日立の遮音とピクシーダストの吸音を融合、テレワークブースの重量が半減:イノベーションのレシピ
日立製作所は、プライベートイベント「Hitachi Social Innovation Forum 2023 JAPAN」において、同社の遮音技術と落合洋一氏が率いるピクシーダストテクノロジーズの吸音技術を組み合わせることで大幅に軽量化したテレワークブースを披露した。
日立製作所(以下、日立)は、プライベートイベント「Hitachi Social Innovation Forum 2023 JAPAN」(2023年9月20〜21日、東京ビッグサイト)において、同社の遮音技術と落合洋一氏が率いるピクシーダストテクノロジーズの吸音技術を組み合わせることで大幅に軽量化したテレワークブースを披露した。2023年末までの発売を予定している。

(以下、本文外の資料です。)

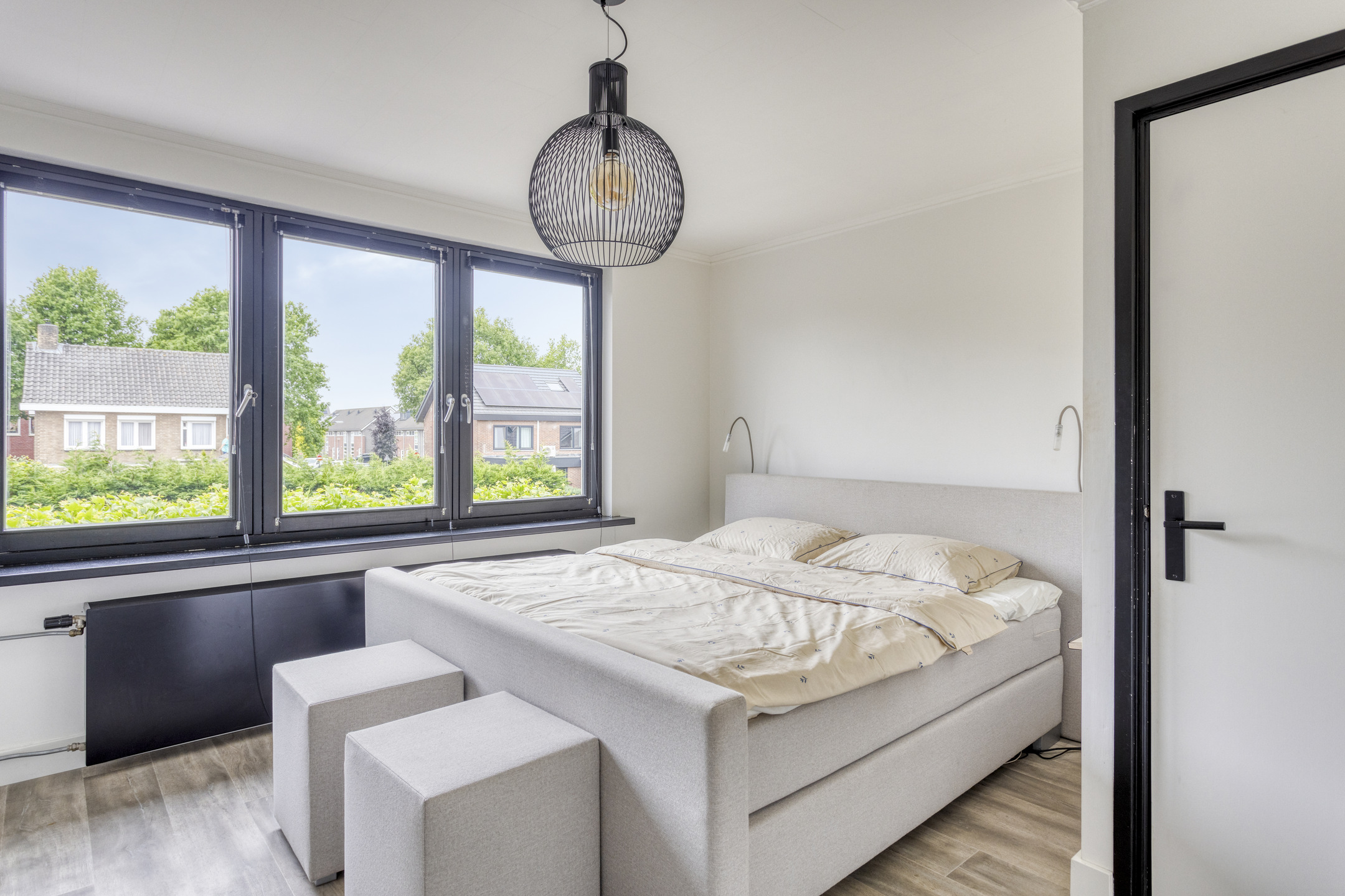Vanuit de overloop zijn de drie slaapkamers en badkamer bereikbaar. Aan de voorzijde is er een slaapkamer met een afmeting van ca. 4.52 x 3.10 m. Hier is veel lichtinval en de kamer is voorzien van handmatig bedienbare rolluiken.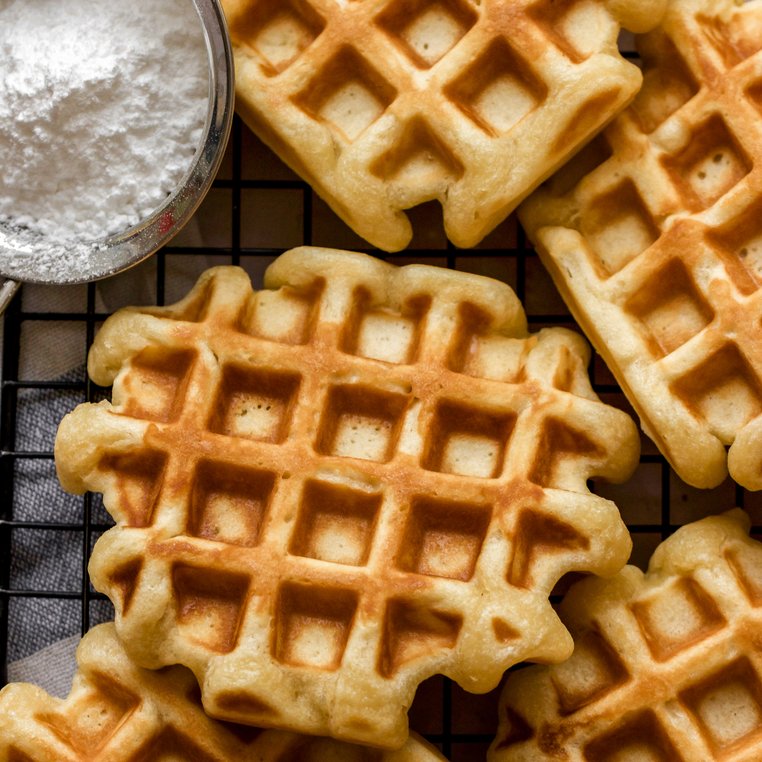 Ca. ½ TL Butter pro Waffel in die Mitte der Waffelform streichen. Einen großen Esslöffel voll Teig darauf geben. Die Waffeln backen, bis sie goldbraun sind.

日立では大みか事業所(茨城県日立市)が中核となって、軽量アルミフレーム構造を特徴とするテレワークブースの事業を展開している。外形寸法が幅1200×奥行き980×高さ2190mmの標準品デスク型の製品で重量は約200kgとなっている。
今回展示した軽量テレワークブースは、これまで扉や壁面など透過性が求められる箇所の部材として採用していたガラスをより軽量の透明樹脂板に置き換えた。ガラスと比べて樹脂板は遮音性能が低いことが課題になるが、人の話し声に含まれる500〜1000Hzの周波数帯に特化した吸音性能を備えるピクシーダストテクノロジーズの音響メタマテリアル「IWASEMI RC-α」を透明樹脂板の表面に装着することで対応した。
さらに、大みか事業所がこれまで培ってきたモノづくりの技術を応用した遮音構造の設計技術によって、天井部が密閉状態ではないにもかかわらず静音性を確保している。これらの取り組みによって重量を約100kgに削減した。
重量を半減したことによってさらに可搬性が高まるため、テレワークブースの設置場所を必要に応じて自由に変更しやすくなる。また、透明樹脂板によって内部の状態を外部から確認できるとともにブースの天井が密閉状態ではないため、一般的なテレワークブースのように消防法の対象とはならずオフィス家具として取り扱える。「これまでテレワークブースは消防法に対応するため設置場所を登録する必要があり、後から設置場所を動かすのは大変だった。今回開発した軽量テレワークブースは、室内の静音性を確保しつつ簡単に設置場所を変えられることが特徴。アフターコロナに向けた新たなテレワークブースとして提案していきたい」(日立の説明員)としている。